Accordingly, it is recommended in the alternative that defendants' motion on this ground be denied as to Tichenor's actions in screening Wilson and granted as to all defendants in all other respects.
For the reasons stated above, it is hereby RECOMMENDED that:
1. Defendants' motion for summary judgment (Dkt. No. 31) be:
A. DENIED as to Wilson's claim that Tichenor refused and delayed treatment for Wilson's ruptured spleen in violation of Wilson's Eighth Amendment rights and GRANTED as to all other claims against Tichenor; and
B. GRANTED as to King, Dr.
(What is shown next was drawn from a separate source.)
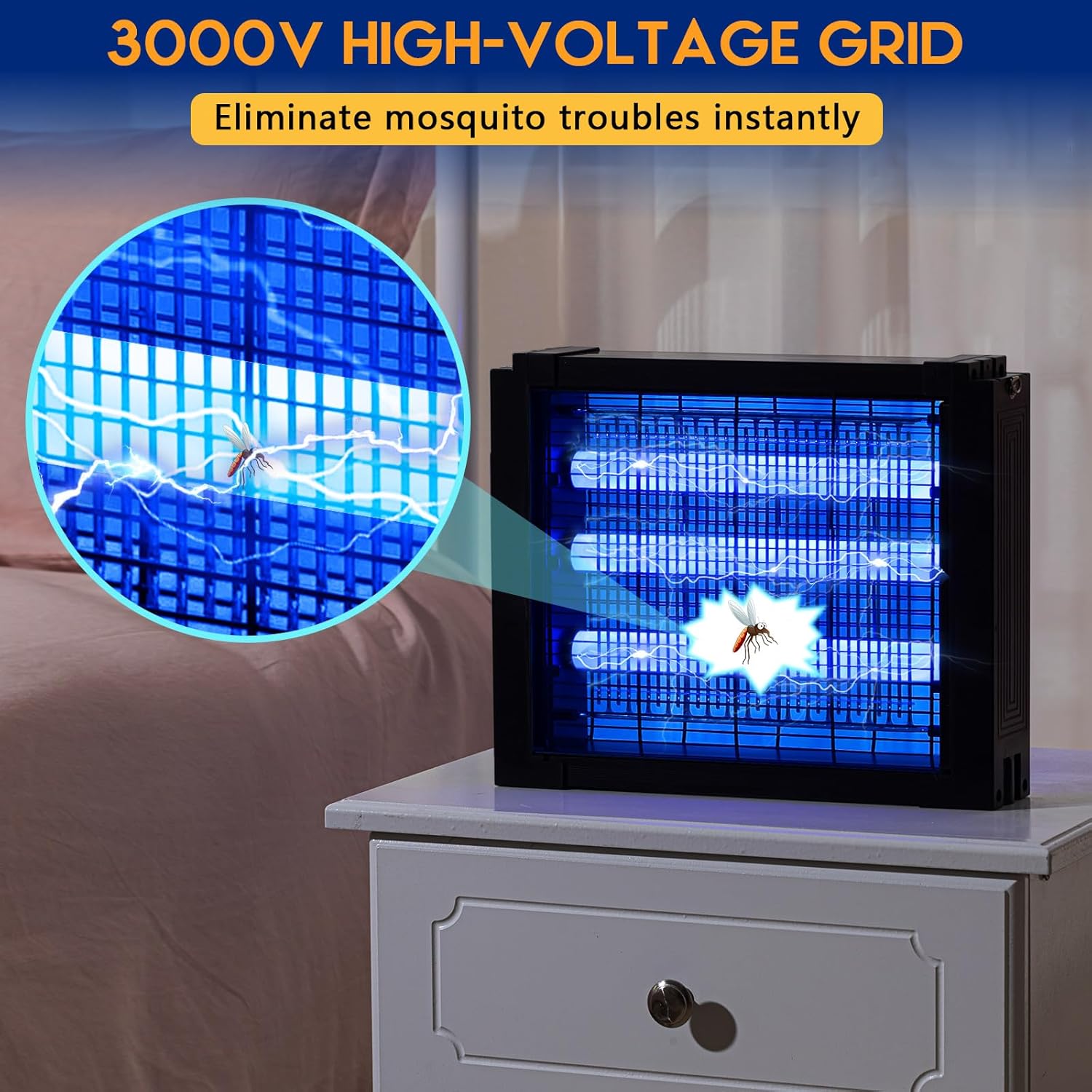 • High Performing 3000V Device: the mosquito zapper comes with a 3000V high-voltage grid; The bright blue-purple light emitted by the device instantly attracts mosquitoes and other flying insects; It provides a safe solution to keep your environment bug-free

Weissman, and Travers as to all claims against them; and
2. The complaint be DISMISSED without prejudice as to defendants John Doe #1 and John Doe #2.*fn13
Pursuant to 28 U.S.C. § 636(b)(1), the parties may lodge written objections to the foregoing report. Such objections shall be filed with the Clerk of the Court "within fourteen (14) days after being served with a copy of the... recommendation." N.Y.N.D.L.R. 72.1(c) (citing 28 U.S.C. §636(b)(1)(B)-(C)). FAILURE TO OBJECT TO THIS REPORT WITHIN FOURTEEN DAYS WILL PRECLUDE APPELLATE REVIEW. Roldan v. Racette, 984 F.2d 85, 89 (2d Cir. 1993); Small v. Sec'y of HHS, 892 F.2d 15 (2d Cir. 1989); 28 U.S.C. § 636(b)(1); Fed. R. Civ. P. 72, 6(a), 6(e).